[DATA BLOCK]:
....

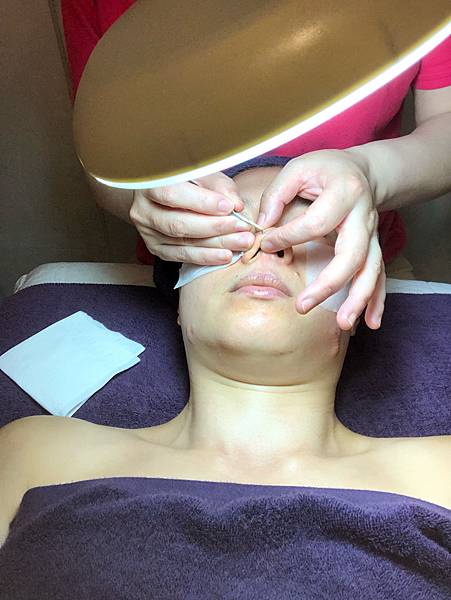 再幫妳敷鼻翼,再把額頭上的拿下,先清理粉刺,但因為額頭的粉刺很少所以很快就清好了,我的粉刺都集中在鼻子上。
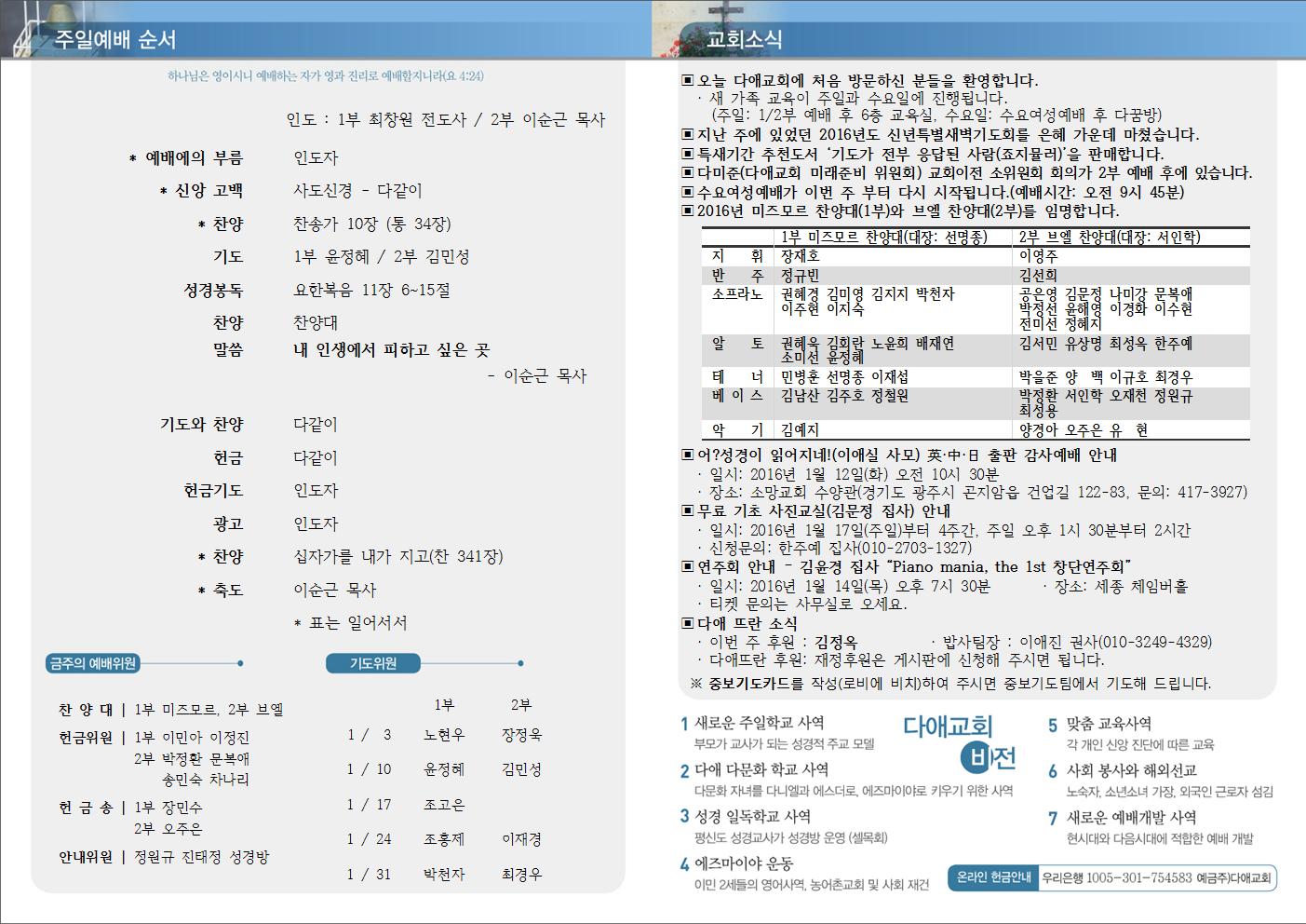 2016년 1월 10일 주일예배 주보
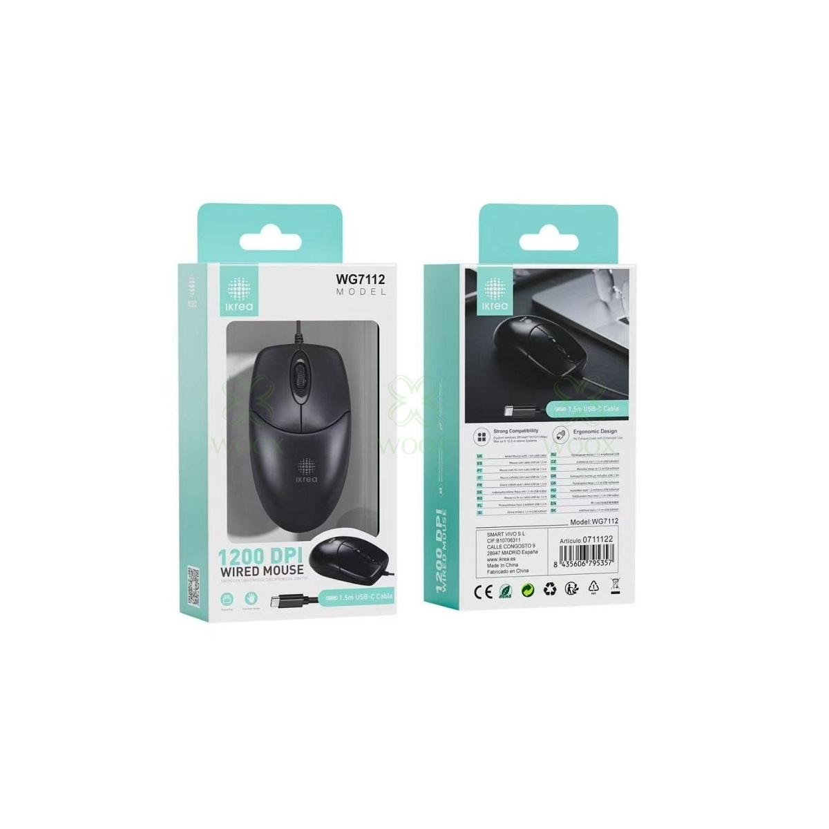 IKREA WG7112 RATON CON CABLE 1.5M INTERAZ TYPE-C 1200DPI NEGRO

....

[PROBLEM STATEMENT]: Type the material out again exactly. Skip the pictures.

[WRITTEN RESPONSE]:
 再幫妳敷鼻翼,再把額頭上的拿下,先清理粉刺,但因為額頭的粉刺很少所以很快就清好了,我的粉刺都集中在鼻子上。
 2016년 1월 10일 주일예배 주보
 IKREA WG7112 RATON CON CABLE 1.5M INTERAZ TYPE-C 1200DPI NEGRO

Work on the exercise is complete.